How much hay does a late-gestation mare need per day?+
A late-gestation mare (last 90 days) requires approximately 2.0–2.5% of her body weight in total dry matter daily — approximately 20–25 lbs/day for a 1,000-lb mare. At this intake level with good-quality hay (12–14% CP, 0.5–0.8% Ca), most mares can meet their nutritional requirements from hay alone without grain supplementation, unless the mare is thin (body condition score below 5/9) or carrying twins. The common mistake: reducing hay feeding in late gestation because “the mare looks full” from the large fetal mass. The mare’s digestive tract is compressed by the growing fetus, reducing rumen volume — she will eat smaller meals but needs more frequent access to hay rather than reduced total access. Provide hay free-choice or in multiple daily feedings rather than one or two large meals in the last 4–6 weeks of gestation. Body condition score should be 5.5–6.5 on a 9-point scale at foaling time — thin mares have worse colostrum quality and poorer lactation performance; over-conditioned mares have higher dystocia risk. Adjust grain supplementation — not hay intake — if fine-tuning body condition in the last trimester, as grain supplementation allows more precise energy dosing than adjusting hay volume.
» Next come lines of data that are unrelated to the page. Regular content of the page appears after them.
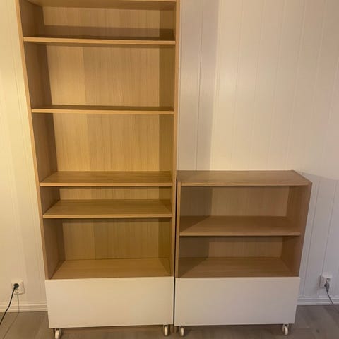 IKEA Eket oppbevaringshylle i grå farge med fire rom, selges for 150 kroner. IKEA Eket i lys blågrå med ett rom, selges for 75 kroner. Laget av tremateriale, egnet for organisering og oppbevaring i hjem eller kontor.
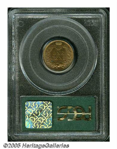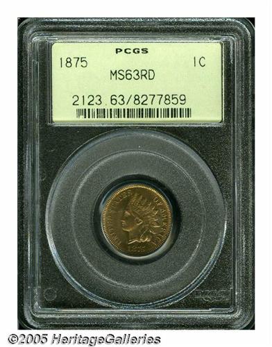 <B>1875<1C> MS63 Red PCGS.</B></I> This brick-red older holder better date Cent is lustrous and meticulously struck. It would surely merit a finer grade, were it not for a single moderate-sized spot on each side.
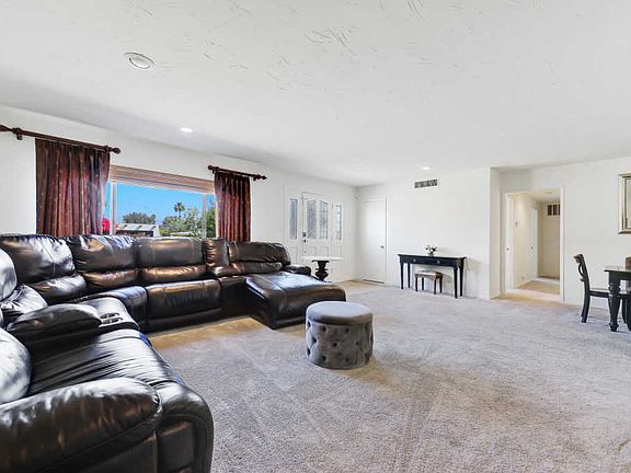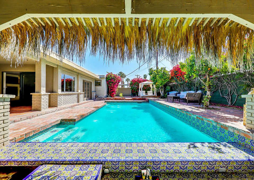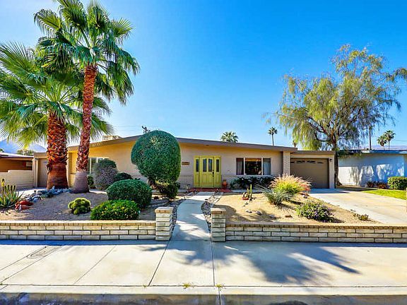 This mid-century South Palm Desert pool home has unique custom touches and a Santa Barbara feel that is ideal for entertaining. The layout features separation between the guest bedrooms and Owner's suite. The oversized Owner's suite has a walk-in closet and a spa inspired en suite bathroom that includes a custom tile sunken shower and blue glass windows. The kitchen has slab granite countertops and tons of storage and opens onto the living room with bar area, marble faced fireplace, and built-in bookshelves and display cases. Both a sliding door and French doors lead to the lush South-facing backyard the embodies the very best of Desert outdoor living. The covered patio has a pass-thru from the kitchen and Saltillo tile flooring. The sparkling pool is surrounded by brick, a raised sunning deck, colorful tile accents, and arching deck jets for a true resort feel. The crown jewel is the swimup bar with submerged stools and large serving area with wet bar covered with a palapa. Two attached garages with an additional room for an artist's studio or workshop. Located blocks from the renowned George Washington Charter Elementary School and famed El Paseo Shopping District. No HOA fees.
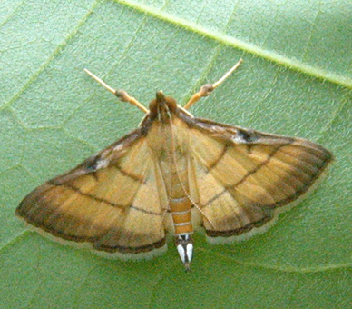 ◦ 성충은 몸길이 10mm, 날개편 길이 17mm 정도인 담황갈색의 나방으로 앞날개에 암갈색 선이 두개 존재하고 수컷은 전연에 암갈색 털로 된 혹이 있음
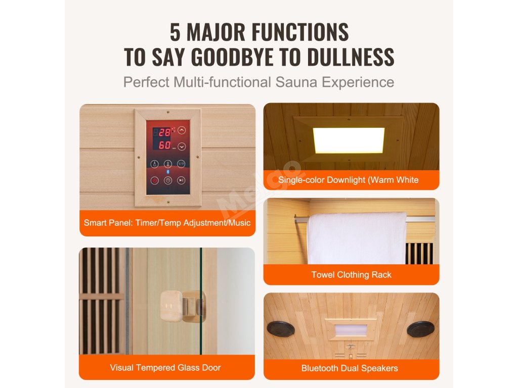 Inteligentní ovládací panelSaunová místnost je vybavena praktickým vestavěným ovládacím panelem, který zajišťuje dokonalý zážitek ze saunování. Můžete se připojit přes Bluetooth a přehrávat svou oblíbenou hudbu, aby byl zážitek ze saunování ještě příjemnější.
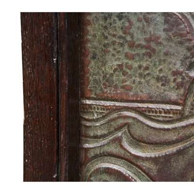 repoussé-decorated copper with stained oak frame, signed verso EX JP 1895
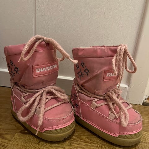 Moon Boot barne vinterstøvler i størrelse 19/21designet for jenter. Støvlene er rosa og laget med isolerende materiale for å holde føttene varme.
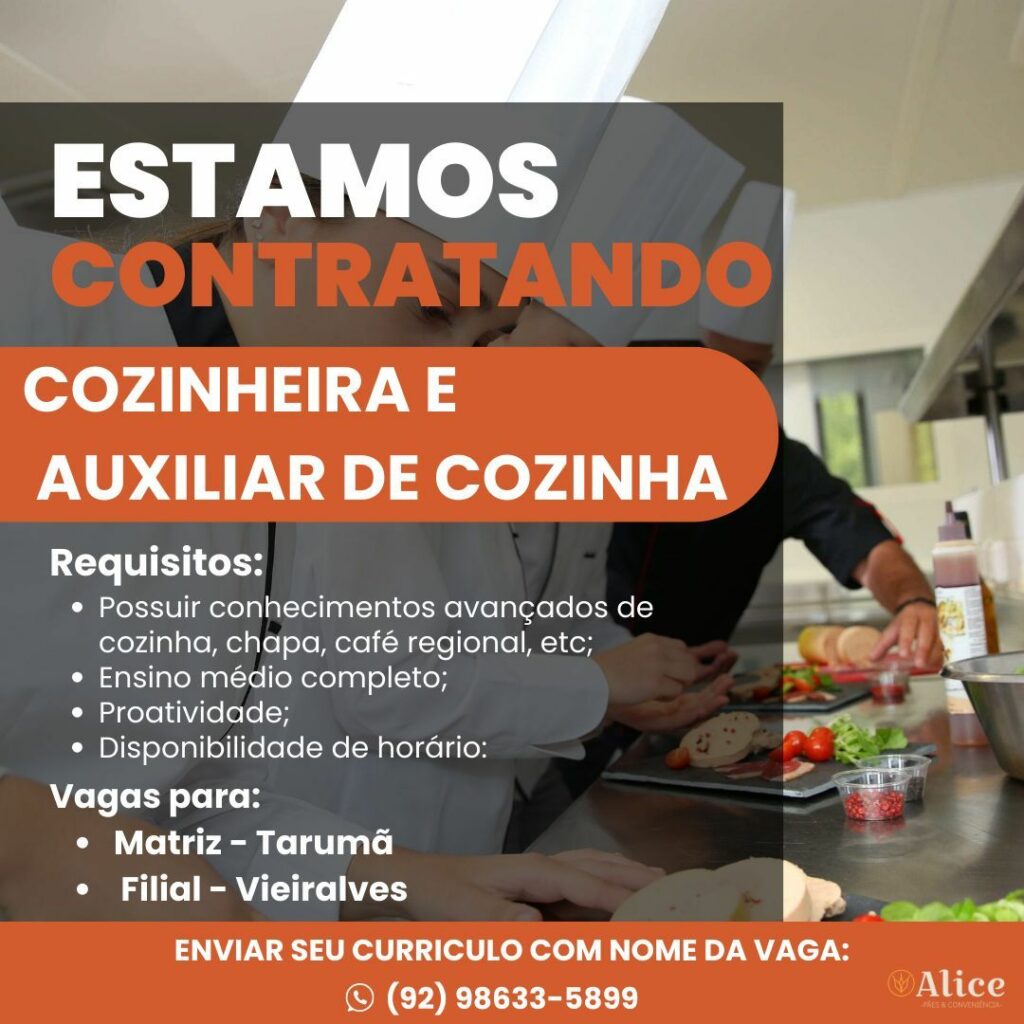 Empresa está selecionando Auxiliar de cozinha; Envie seu currículo!
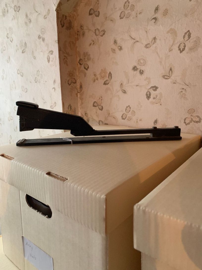 Description: black, iron stapler;
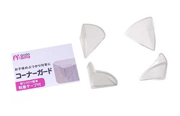 コーナーガード あんしんママ 粘着テープ付 3.7×2.1×2.8cm 4個入 (100円ショップ 100円均一 100均一 100均)
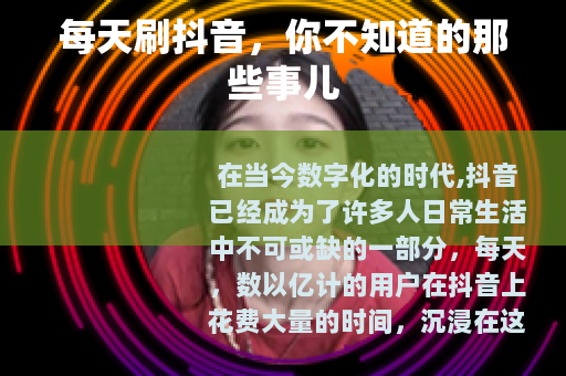 在当今数字化的时代,抖音已经成为了许多人日常生活中不可或缺的一部分,每天,数以亿计的用户在抖音上花费大量的时间,沉浸在这个充满趣味和新奇的短视频世界里。
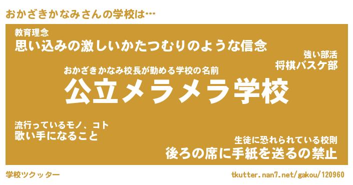 | 男性向けラノベタイトル風あだ名 | 『おかざきかなみの憂鬱』 |
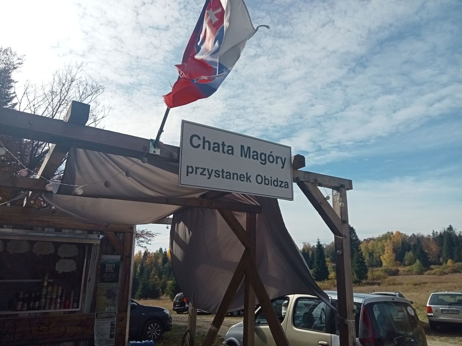 Chata Magóry przystanek Obidza. Można cos tu dobrego zjeść, napić się, czy też zorganizować ognisko. Mijamy Przełęcz Gromadzką i kierujemy się do Obidzy.

Can I use the same hay for all horses in a mixed herd that includes pregnant mares?+
For most of the year, yes — a quality mixed grass-legume hay that serves geldings, performance horses, and non-pregnant mares can also serve pregnant mares through mid-gestation without specific concern. The challenge arises in the last 90 days before foaling, when the K management requirement for the late-gestation mare begins to diverge from the needs of the rest of the herd. The practical solution used by most facilities: maintain the standard herd hay for non-pregnant horses and maintain a separate, specifically selected hay (lower-K, fescue-free, tested) for mares in the last trimester. This requires separate feeding for the late-gestation mares — which most facilities already do for other management reasons (body condition management, supplementation). If separate feeding is not practical due to pasture or stabling configurations, choosing a herd hay that meets the broodmare requirements (timothy or teff, tested K below 1.5%, no fescue) provides safety for the mares while being nutritionally adequate for the rest of the herd — the non-pregnant horses simply receive a lower-K hay than is strictly necessary for them, which causes no harm.